Я росла, мешаясь под ногами у дворовых и постепенно начиная помогать матери. И успела почти что успокоиться, пока однажды не увидела её.
Она была прекрасна, одетая в изумрудное платье из мягкого шелка. На её ногах красовались искусно сшитые туфельки из кожи тончайшей выделки и снежно-белые чулочки, заканчивающиеся кружевными панталонами, а голову покрывала кокетливая шляпка с мелкими бабочками, собранными из маленьких бусинок. Гладкая кожа имела ценящийся среди знати бледный цвет, хотя сохраняла розовый румянец на щеках. Завитые золотистые локоны спускались волною по спине.
Новый подарок для дочки князя. Необыкновенная фарфоровая куколка, о которой я начала грезить с тех пор, как впервые увидела. Она была так невообразимо хороша, что я не могла думать ни о чём другом. Даже подруги юной княжны, никогда не имевшие недостатка в искусно сделанных игрушках, с завистью смотрели, как девочка, балуясь, напоказ играла с подарком. Что же говорить обо мне, растущей среди той ребятни, которая в своих забавах представляет одну и ту же палку и ребёнком, и одноручным мечом? Куколка сразу очаровала меня.
Я фантазировала, что князь, пройдя мимо, заметит меня, ничем не худшую, чем его дочь, и одарит ровно таким же щедрым даром, а я смогу играть, расчёсывать необыкновенно мягкие длинные волосы и проводить, красуясь, руками по блестящей зелёной ткани. Но я никогда не воображала, что сама лишу девочку заветного подарка.
Судьба всё решила иначе. Как-то я неслась по аллеям замкового сада в погоне за другом, бегущим впереди, пока наконец, запыхавшаяся и усталая, не остановилась. Там же находилась и дочка князя, прячущая лицо от загара в тени рослых деревьев. Её сопровождали подруги и няньки. Куколка же восседала на скамье, наравне со всеми скрываясь от солнца, будто белый фарфор её кожи тоже мог потемнеть.
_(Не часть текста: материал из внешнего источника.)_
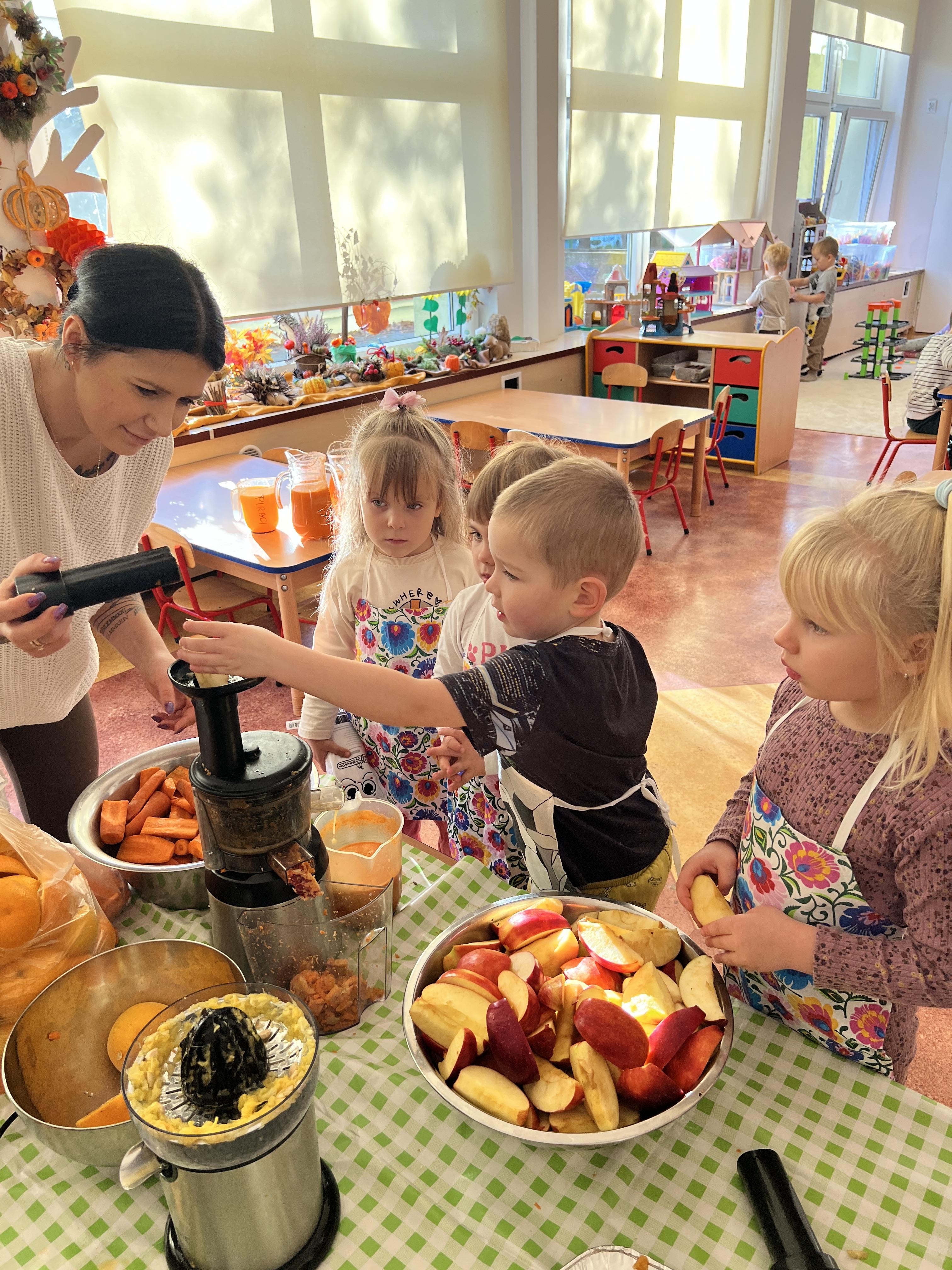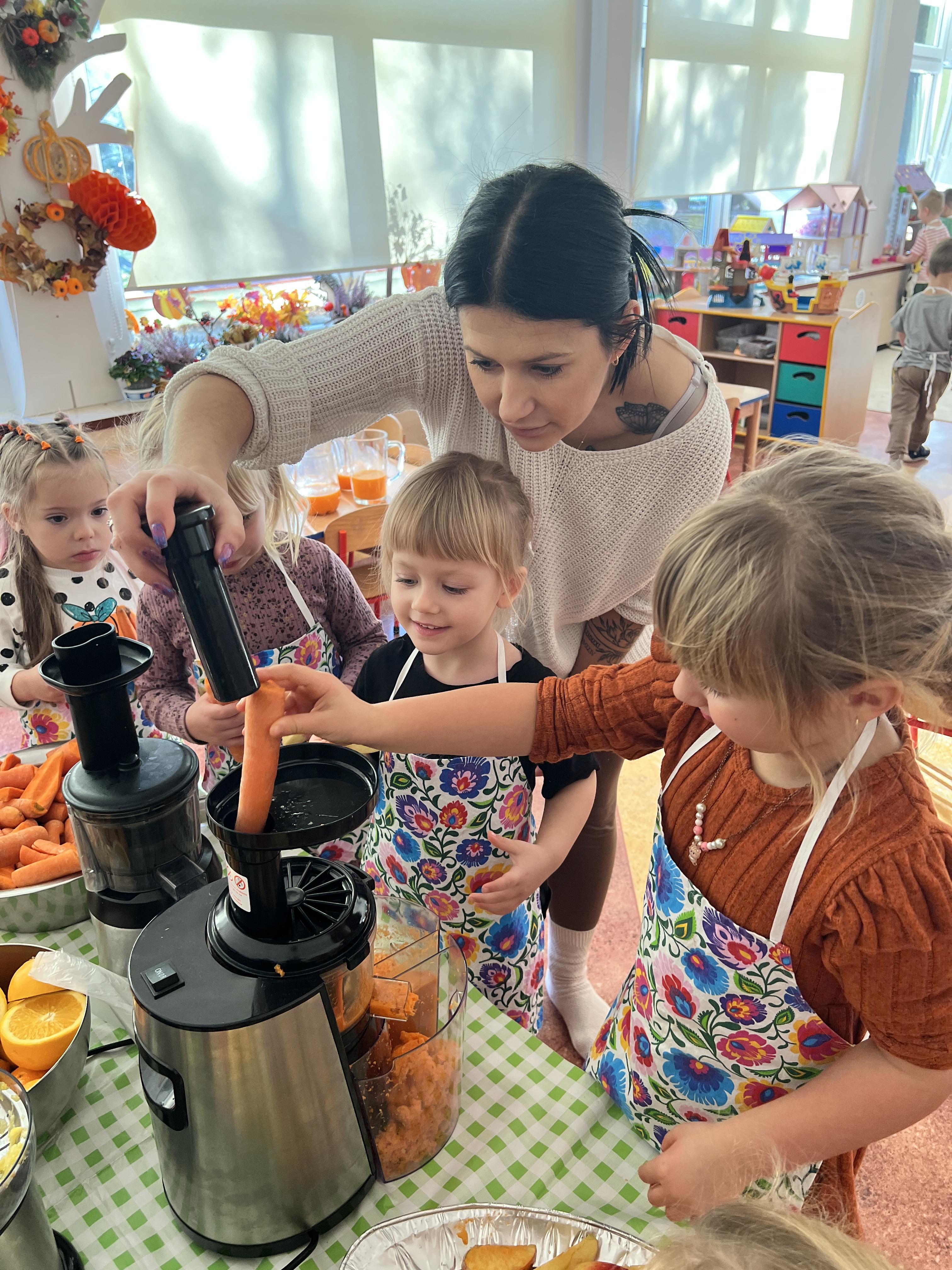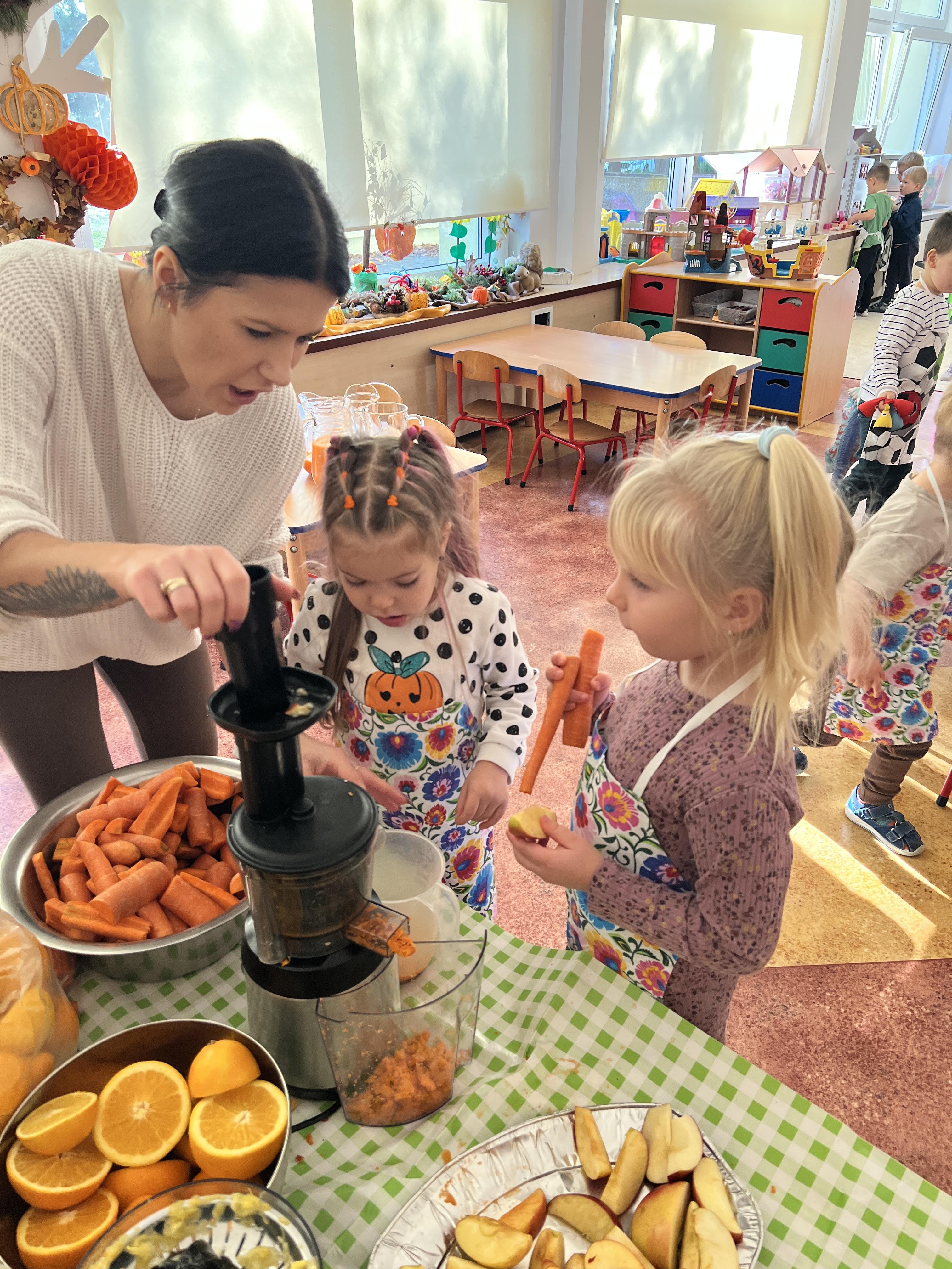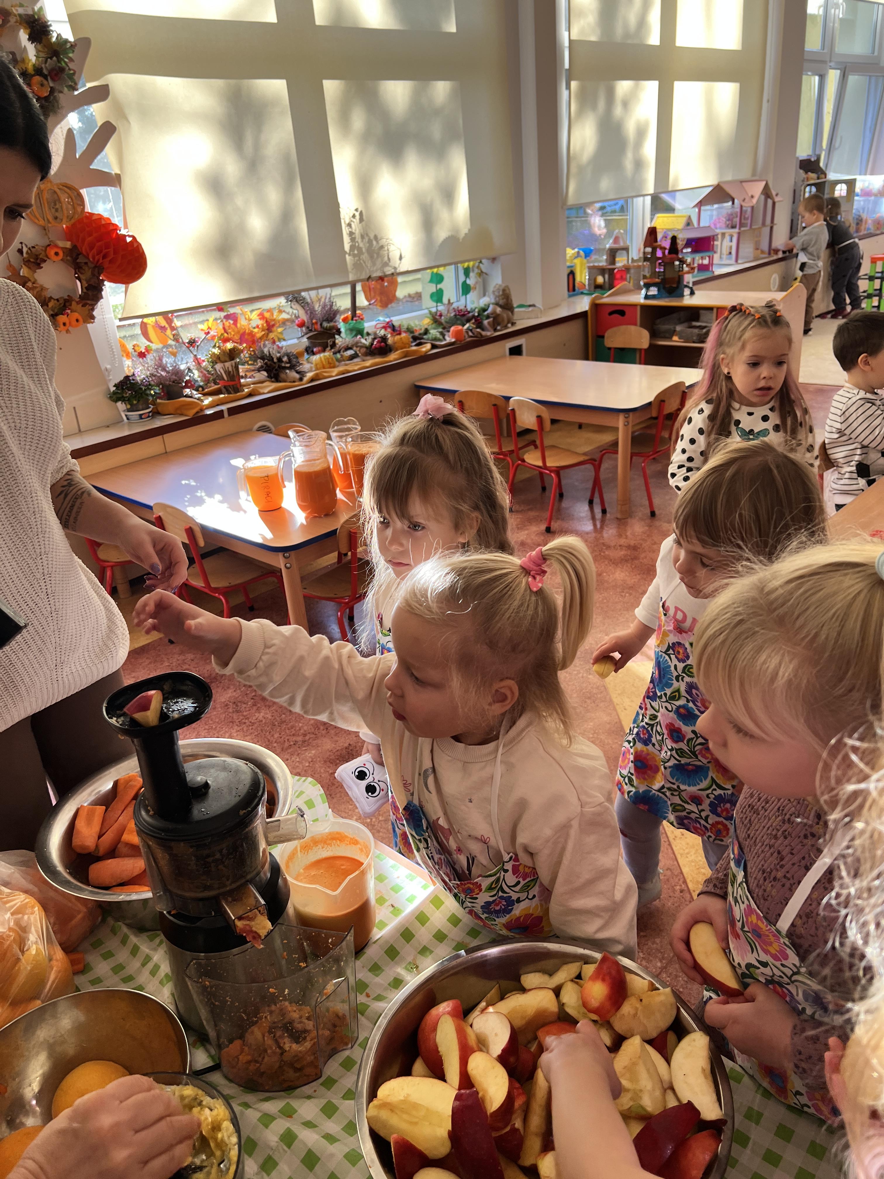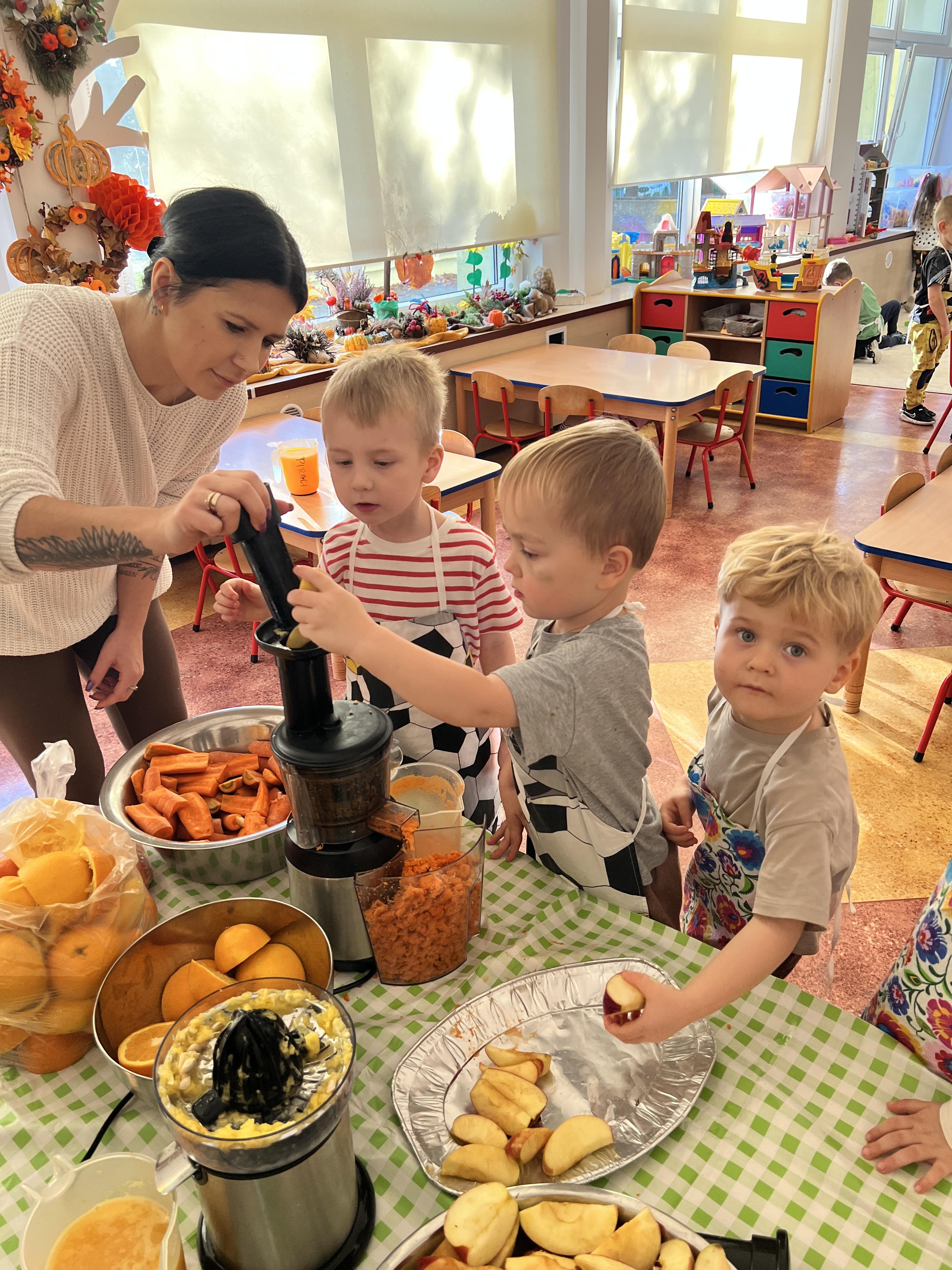 Z myślą o pysznych witaminkach, postanowiliśy sprawdzić jak wyczarować pyszny sok z owoców bez dodatku cukru i konserwantów. Jednak zanim przystąpiliśmy do pracy, przedszkolaki zapoznały się z urządzeniem do robienia soku – sokowirówką, jego działaniem oraz utrwaliły podstawowe zasady higieny i bezpieczeństwa. Następnie dzieci samodzielnie wyciskały sok. Po skończonej pracy delektowały się jego smakiem. Bardzo dziękujemy mamie Mai za wspólnie spędzony czas. Zachęcamy i zapraszamy wszystkich rodziców do odwiedzin

И тут юную княжну стал задирать сын одного из лордов, который в ту пору к ней неровно дышал. Он по-детски обиженно злился, что девочка никак не реагировала на его подначки, и решился на поистине безумный поступок, пытаясь привлечь её внимание. В запале мальчик взял дорогую куклу и кинул её так далеко, как только мог. А юнец уже тогда обладал крепким телом и огромной силой.
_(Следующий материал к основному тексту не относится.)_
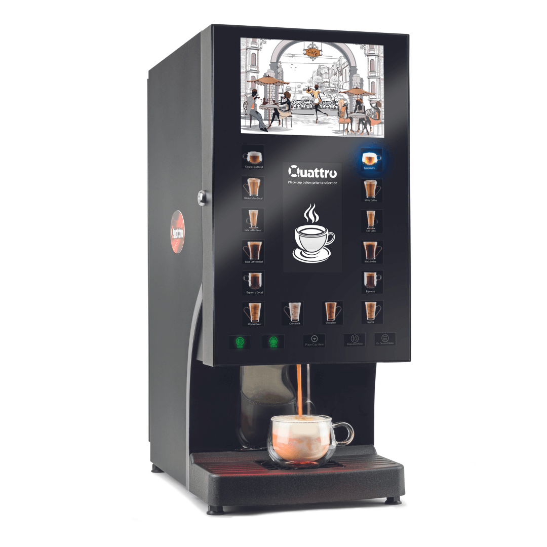 Introducing the Quattro, a remarkable state of the art soluble coffee machine. Taking a huge step forward in the soluble market, this fantastic machine offers crisp, clear HD screen technology, unrivalled versatility and features – all in a compact unit of just 29cm wide.
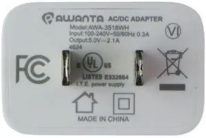 Awanta 5V/2.1A USB-A AC/DC Adapter Wall Charger (AWA-3518WH) - White
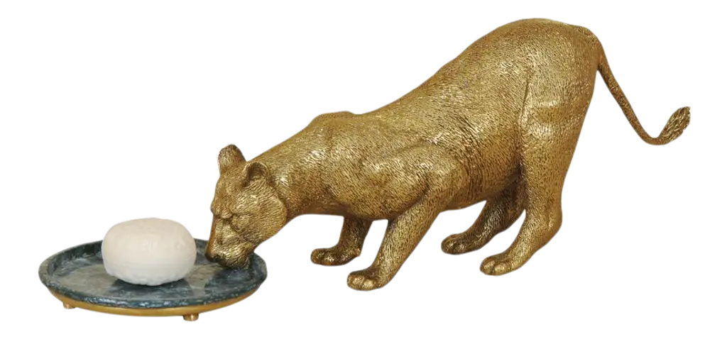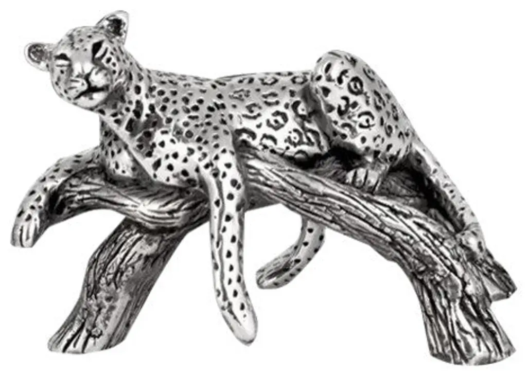 The silver plated leopard mother and cubs sculpture by artist Ricardo del Rio and D''Argenta Silver Accents is an exquisite piece d''art. The stunning detail faithfully captures a leopardess on a tree limb cleaning her cub, while another playfully prowls at her tail. This leopard sculpture is evidence of D''Aragenta''s quest for quality in both material and craftsmanship. Each creation reflects the incomparable D''Argenta style, design, finish and exquisite beauty. This wonderful piece is just one of the many feline sculptures by D''Argenta. Weight: approx. 1 lbs. About D''Argenta Silver EleganceOrnate in design, exquisite in detail, and beautifully elegant, the Sterling Silver Plated products created by the artists of D''Argenta Silver Elegance are the perfect heirloom quality pieces for any home. The distinctive sterling silver designs stand out against the black neillo inlay and the intricate detail is breathtakingly attractive. D''Argenta Silver Sculptures and objects d''art offer unparalleled excellence in quality and exquisite attention to detail, because they are the hallmarks that have established D''Argenta as a leader in the export of precious metal-finished art for over a quarter of a century. Each of the over 200 limited-edition sculptures, personally signed by the artist, is technically flawless yet competitively priced..the same master-craftsmanship received in pieces that have been gifted to royalty, heads of state and the Vatican. From the surface detail of the innumerable tumuli and broad swells that impart the hides of the elephant collection to the graceful lines that capture the motion of a stallion''s gallop, you will marvel at the beauty of your truly unique acquisition as it graces a special place in your home. Historically, sculptures composed of precious metals were crafted using the traditional hot casting process. 25 years ago, the artisans at renowned metal art company D''Argenta introduced an advanced new metalworking technique that changed the way precious metals are sculpted. D''Argenta''s new method combined cold casting and electroforming to create intricate, finely detailed sculptures. The pieces are initially plated with a . 015 inch (400 micro) thick layer of copper, then plated with silver or (24K) gold at a thickness of . 001 inch (24 micro). Each sculpture''s interior is composed of a polyester fiberglass core that strengthens sleek metal plating. After being formed, each piece is coated with a protective lacquer to prevents tarnishing and maintain luster. This final step ensures that all D''Argenta sculptures, though crafted with fine silver, do not require polish or any type of metal cleaner and can be simply dusted with a dry cloth as needed. Exported around the world and now available in over 25 countries, D''Aragenta''s products have won international acclaim because of their innovative construction and exquisite beauty. In 1981, D''Argenta was recognized with the Bulgarian Government Gold Medal award. In 1992, a D''Argenta sculpture was gifted to His Royal Highness Prince Naruhito of Japan on a visit to Mexico. A nod to the company''s exclusive prestige, D''Argenta sculptures have been gifted to an increasingly long list of dignitaries, including Pope John Paul II, Prince Phillip of England, and his Majesty King Harald of Norway. The gifted artists of D''Argenta include: Manuel Alvarado, Ricardo Del Rio, Enrique Jolly, Javier Arenas Perez, Claudio Rodr

Игрушка упала аккурат меж моих ног. Думать некогда! Пока никто не успел опомниться, я, не раздумывая, схватила добычу и кинулась прочь. А бегала я так, что за мной никто не мог угнаться. Я скрылась столь быстро, что не нашлось человека, который смог бы меня остановить или хотя бы заметить. Опомнилась я уже, когда было поздно.
Дрожащими от возбуждения руками я прижимала куклу к груди. Мои щёки разгорячились от бега и зарумянились, но они алели не от стыда. Угрызений совести я никаких не чувствовала, а юную барышню не жалела.
Меня охватила эйфория. Я радостно закружилась в танце и всё рассматривала, рассматривала игрушку, находя новые, издалека ранее не примеченные детали: длинные нити ресниц, крошечный жемчуг на фарфоровой шее, вышивку на длинных перчатках. Вблизи кукла выглядела ещё краше. И я постоянно думала, как мне повезло.
Ценную для себя вещь я спрятала там, где её никто не стал бы искать — в конюшне. Потом я приходила туда и украдкой любовалась своей находкой. Удручала лишь необходимость соблюдать тайну, хотя иногда я ловила себя на мысли кому-нибудь всё рассказать. К счастью, я вовремя останавливалась, прикусывая язык, чтобы не проговориться.
А дочка князя устроила самую настоящую истерику. По её щекам лились слезы, она била кулаками мальчишку, посмевшего взять подарок отца. Желаемого тот добился, но и его самого потом, наказывая за проступок, били розгами, как обычную младшую челядь.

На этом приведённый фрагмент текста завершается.